_Exercise requirements:_
Leave out the pictures, and copy exactly the lines from the line with "纹身六芒星图案 男生手臂上彩色的六芒星纹身图片" through the last line of the data below.

_Provided records:_
################
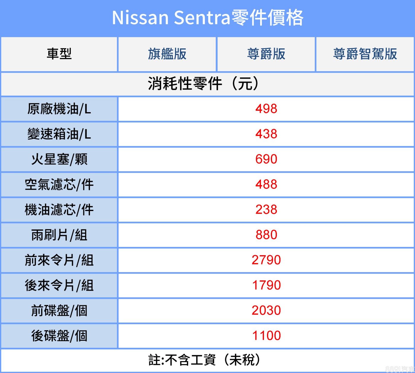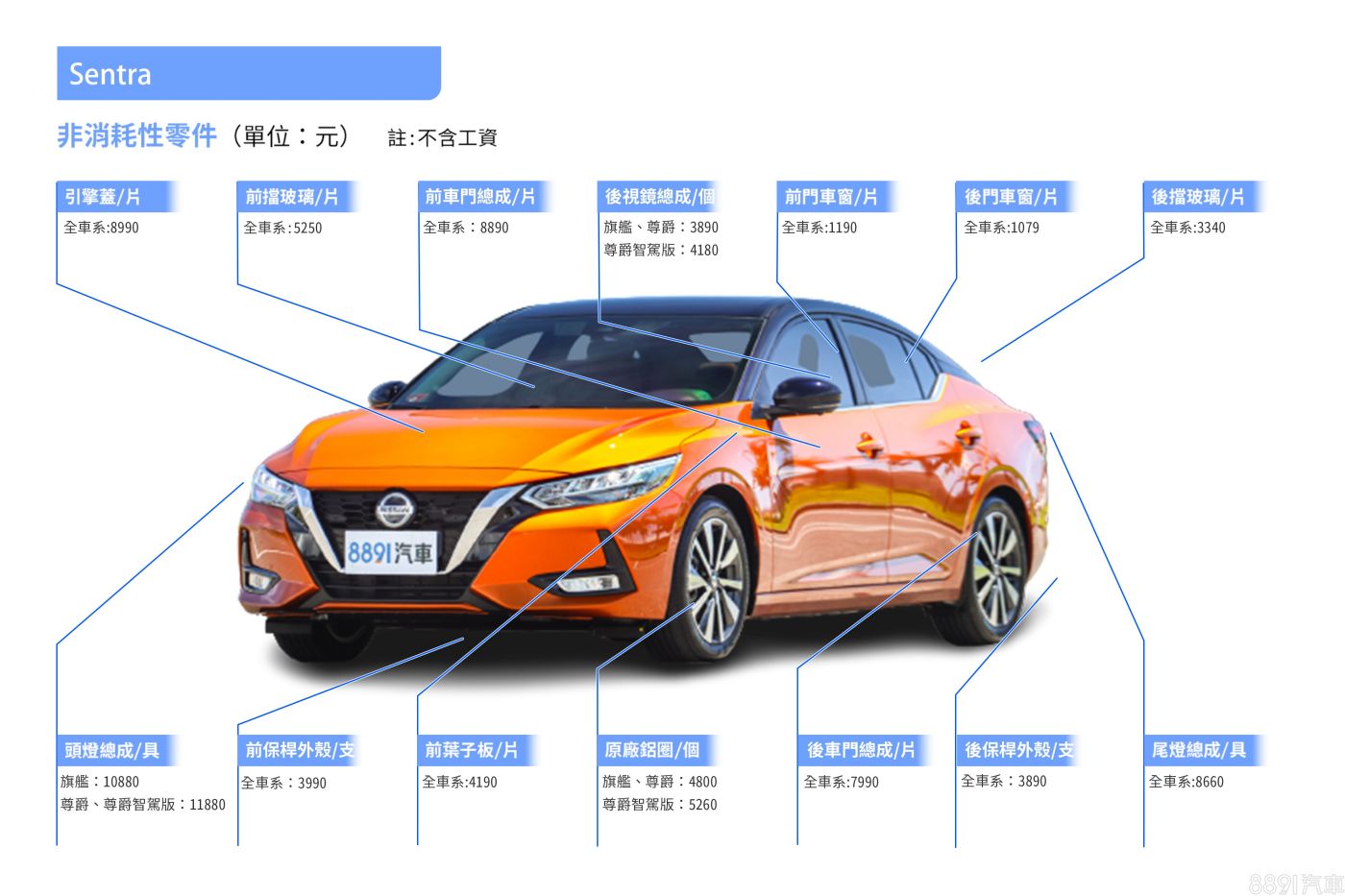 Sentra主要耗材費用一樣便宜,就算是費用相對高昂的煞車皮、碟盤,1~2千元就能解決。這裡所列舉的非消耗零件為外觀件,最容易碰撞的前後保桿換起來都不到4千,相對貴的是燈具,頭燈依版本不同,旗艦為10880、旗艦以上為11880,尾燈全車系都是8600元。
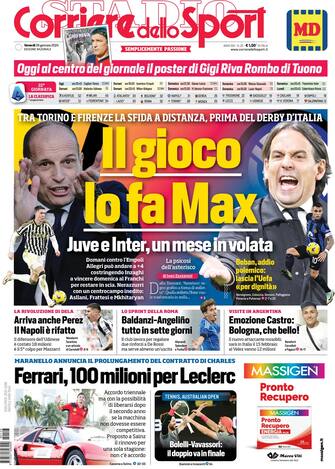 - Apertura con titolo "Il gioco lo fa Max". Tra Torino e Firenze la sfida a distanza, prima del derby d'Italia. Juve e Inter, un mese in volata
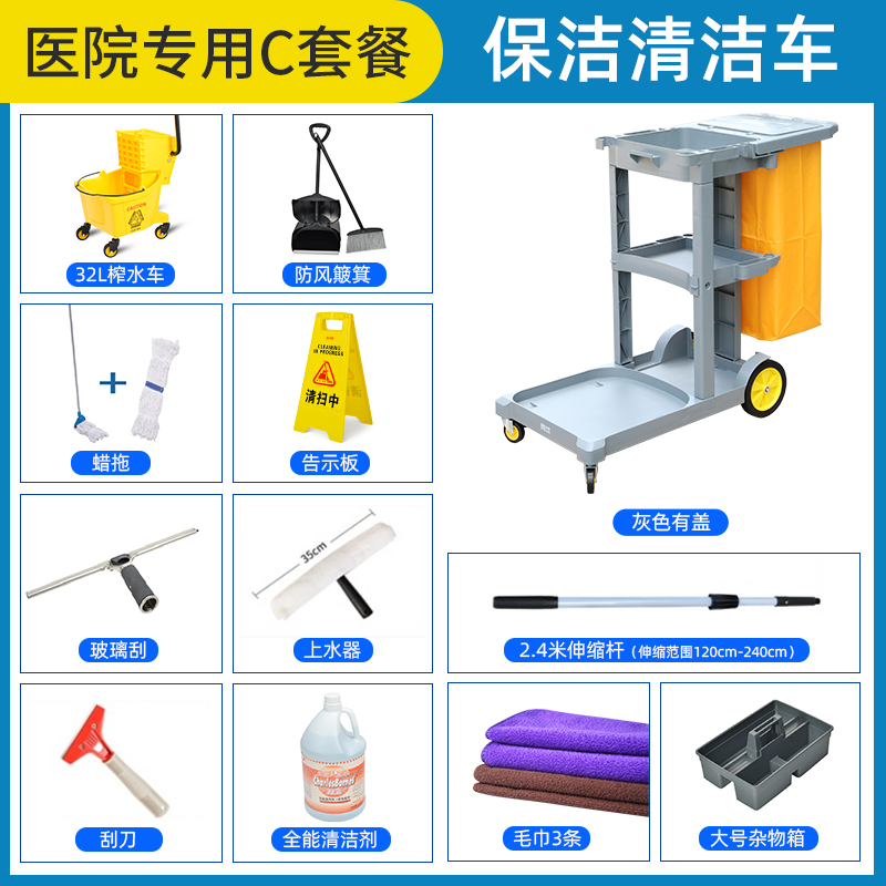 舒蔻(Supercloud)多功能清洁车商用保洁车保洁工具车布草车宾馆酒店客房服务车多层手推车垃圾车 医院C套餐 |
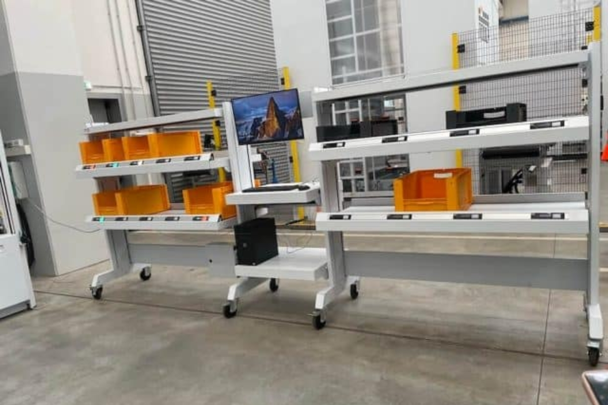 With WMS and Put to Light devices, this ergonomic picking station provides an intuitive and efficient way to quickly fulfill multiple orders
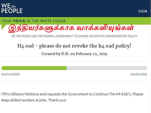 அதனால் ஹெச் 4 விசாவுக்கு EAD (employment authorisation document) ரத்து செய்யும் வரைவு மசோதாவை எதிர்த்து அமெரிக்க வெள்ளை மாளிகையின் வலைதளத்தில் ஒரு பெட்டிஷனைத் தொடங்கி இருக்கிறார்கள் இந்தியர்கள். மார்ச் 08-ம் தேதி மாலை 5 மணி நிலவரப்படி இந்த பெட்டிஷனில் 55,321 பேர் கையெழுத்து போட்டிருக்கிறார்கள்.
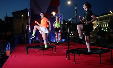 Фитнес джампинг на Кудринской площади. Ночь Московского спорта в рамках проекта «Лето в Москве».
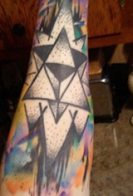 纹身六芒星图案 男生手臂上彩色的六芒星纹身图片
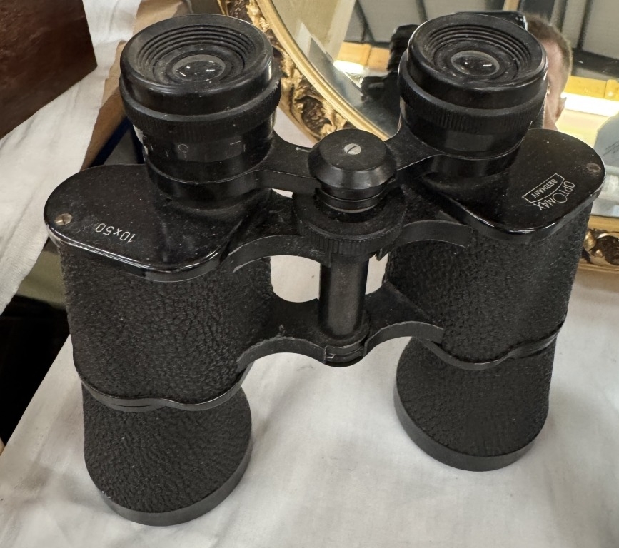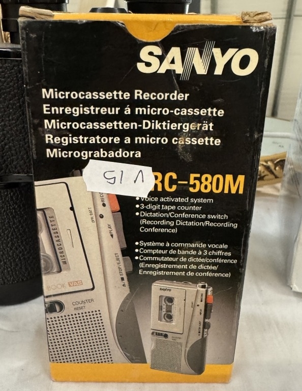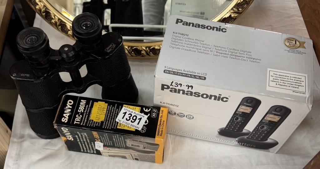 An Optimax Germany 10 x 50 binoculars & Sanyo TRC-580M micro cassette recorder etc
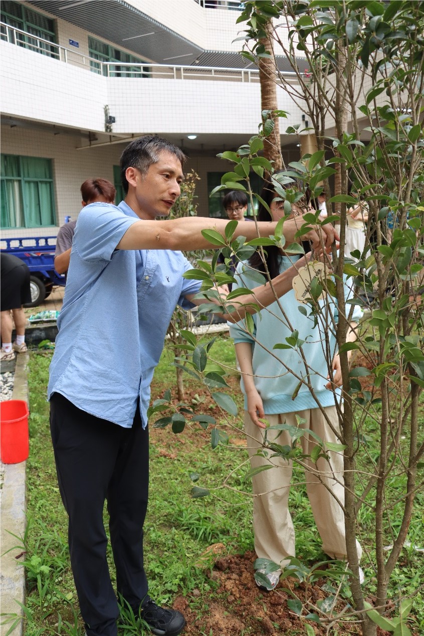 十年树木,百年树人,为进一步加强毕业生爱校教育,4月7日下午,学院开展毕业生纪念树种植活动。学院党委书记林伟英,党委副书记陈朝阳,副院长黄荣斌、孙有发、王忠,全体辅导员老师、毕业生代表共同参加。
################
_Result of the exercise:_
 纹身六芒星图案 男生手臂上彩色的六芒星纹身图片
 An Optimax Germany 10 x 50 binoculars & Sanyo TRC-580M micro cassette recorder etc
 十年树木,百年树人,为进一步加强毕业生爱校教育,4月7日下午,学院开展毕业生纪念树种植活动。学院党委书记林伟英,党委副书记陈朝阳,副院长黄荣斌、孙有发、王忠,全体辅导员老师、毕业生代表共同参加。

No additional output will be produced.